Форзац – это изнанка переплета и следующий за переплетом лист. Они образуют разворот. Этот разворот может быть просто цветной, чтобы подчеркнуть в дальнейшем белизну бумаги. А если он изобразительный, то изображает подоплеку всей книги, почву, основное отвлеченное общее состояние, общий характер всей повести. В «Евгении Онегине» действие происходит в различной обстановке, в различной среде, но там очень большую роль играет природа, русская природа. В сущности, проходят и лето, и осень, и зима, и весна. И так как природа – это тема Татьяны, ее пространство, то я считал бы, что здесь на форзаце нужно изобразить русскую природу. Форзаца два – передний и задний. Следовательно, можно изобразить различные картины природы. Но, прикидывая вначале различные пейзажи, мне вдруг пришло в голову: а если поместить там зимний пейзаж, со снегом, с деревьями, покрытыми инеем, словом, изобразить чудный блеск зимы… И почему-то такой, казалось бы, холодный пейзаж мог бы сделать все чувства, описанные в «Евгении Онегине», еще более интимными и доходчивыми.

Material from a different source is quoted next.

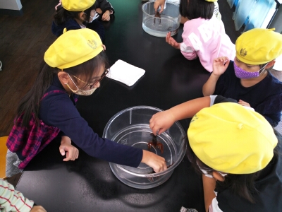 ザリガニ教室では、ザリガニについて勉強した後に、ザリガニを触る体験をしました。
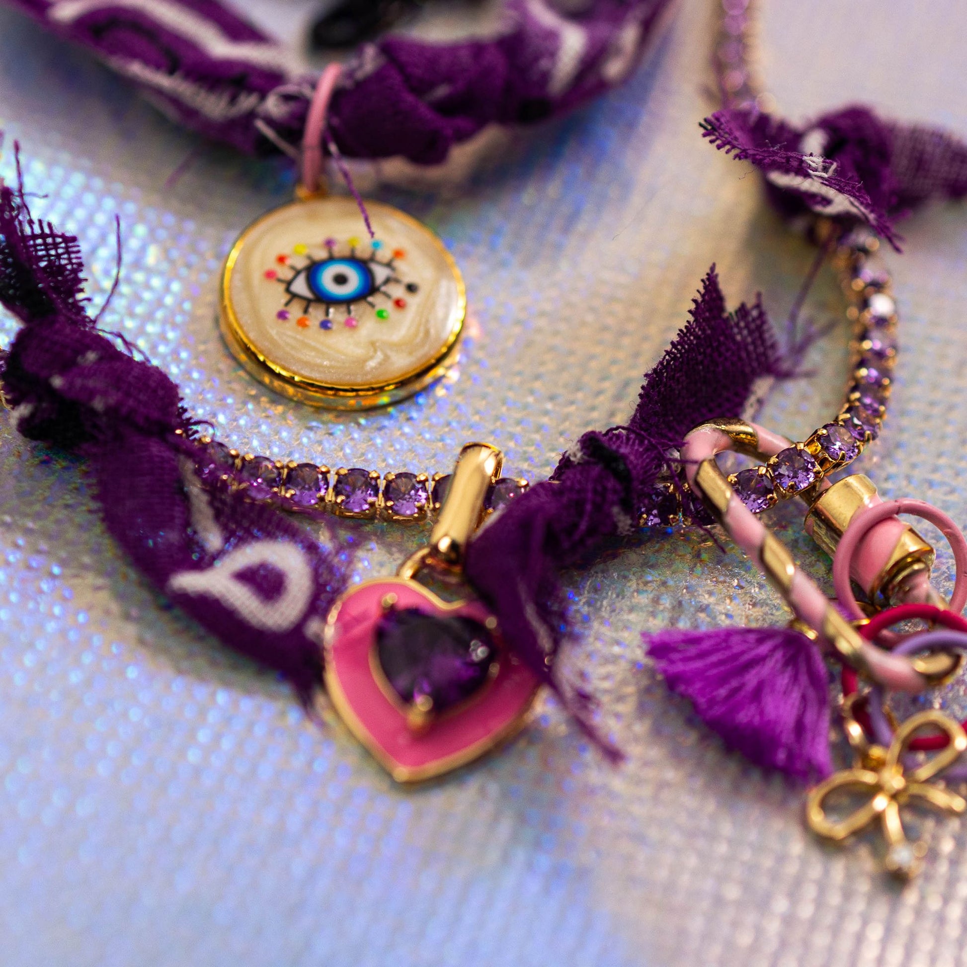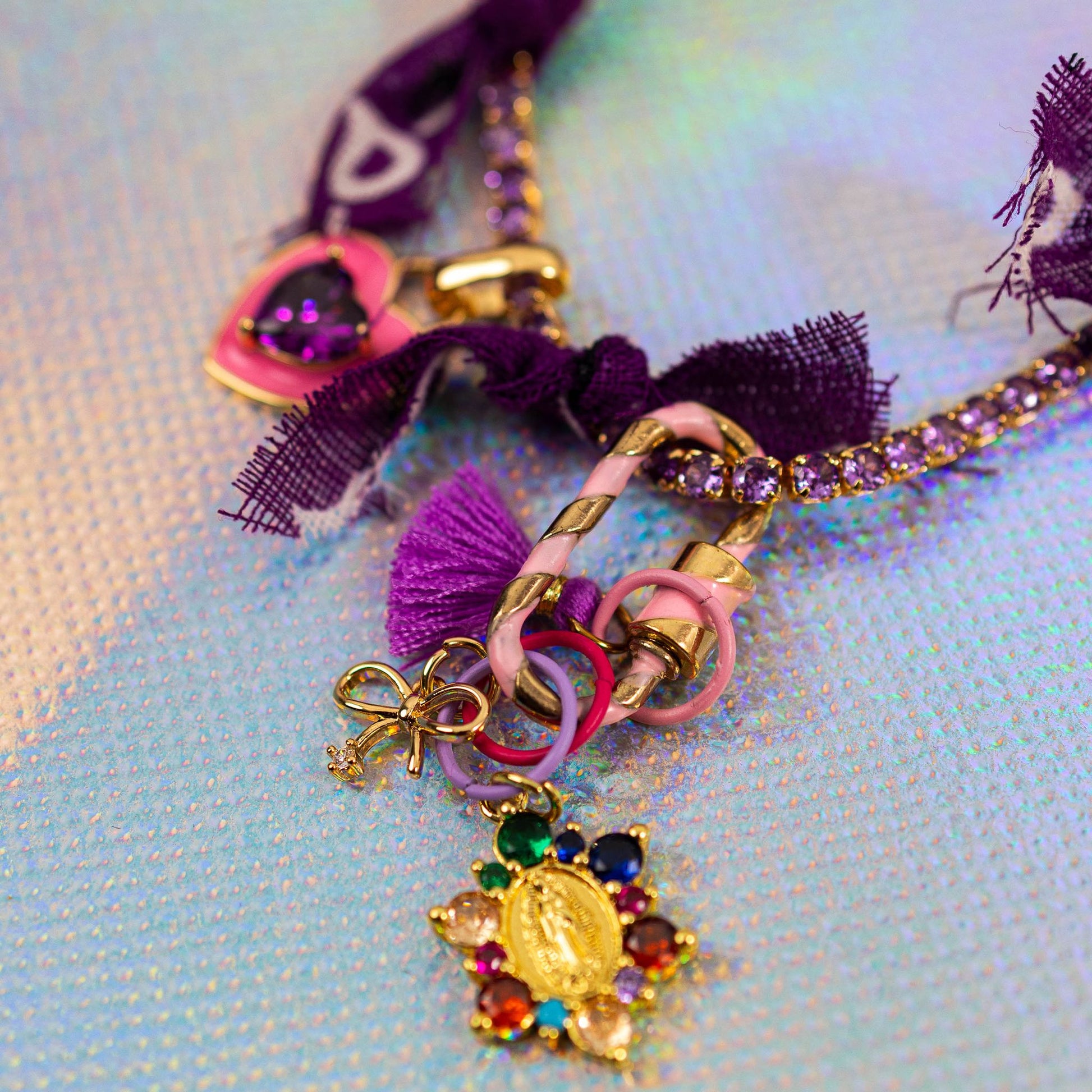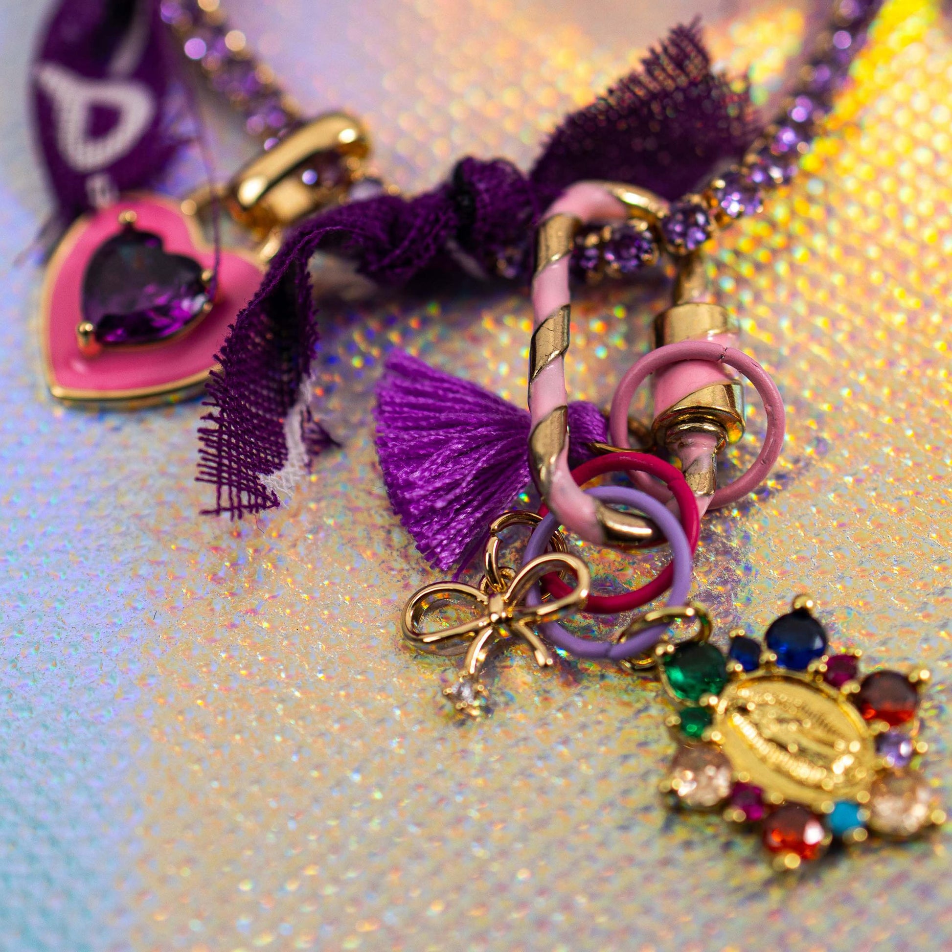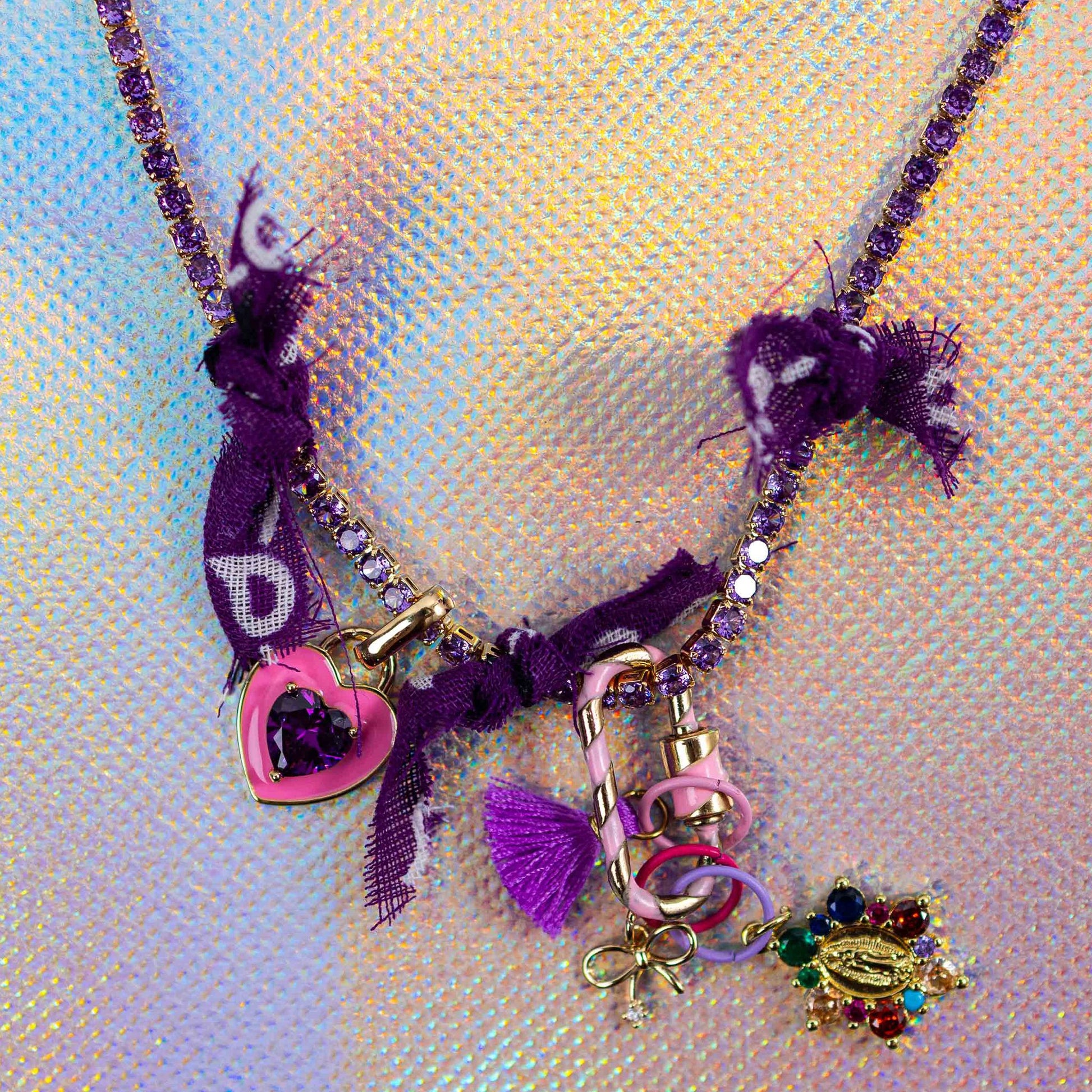 Add a pop of color and attitude with the Charmed Studs Necklace, a vibrant statement piece inspired by Y2K street style. The chain shimmers with purple stones and is wrapped in soft bandana ribbons for a playful, textured look. Finished with gold-tone charms, colorful rings, and eye-catching details like heart and bow pendants, this unisex necklace brings bold energy and a nostalgic edge to any outfit.

Мы рассмотрели форзац, один из элементов книги.

Если взять все элементы книги, составляющие как бы оркестр разных инструментов, то мы увидим, что каждый элемент книги имеет свой голос, свою задачу.

Перевернем теперь дальше страницу. Перед нами разворот, в котором левая сторона пустая, на правой может быть название издательства или издательская марка.

А здесь, в пушкинской вещи, необходимо найти место посвящению:

 
«Не мысля гордый свет забавить,
Вниманье дружбы возлюбя,
Хотел бы я тебе представить
Залог достойнее тебя…»
 

и т. д.

Поместить его нужно на правой стороне с большими полями и даже немного сдвинуть вправо от середины, чтобы указать движение в книгу. Нужно сказать, что много воздуха в начале книги – это хорошо: это предваряет встречу со страничным столбцом.

Переворачиваем книгу дальше и находим очень важный разворот. На левой странице может помещаться фронтиспис, на правой – титульный лист. Фронтиспис – это иллюстрация, относящаяся ко всей книге. Это как бы герб всей книги, символически передающий ее содержание; это может быть портрет героя или героини или изображение самого важного момента в книге; это может быть портрет автора, как бы составляющий душу книги. Как он будет изображен, я сейчас не знаю. Между прочим, портрет Пушкина позволит пронизать всю книгу пушкинской темой, так как почти все главы потребуют концовок о Пушкине. Таким образом через всю книгу пройдет пушкинская тема.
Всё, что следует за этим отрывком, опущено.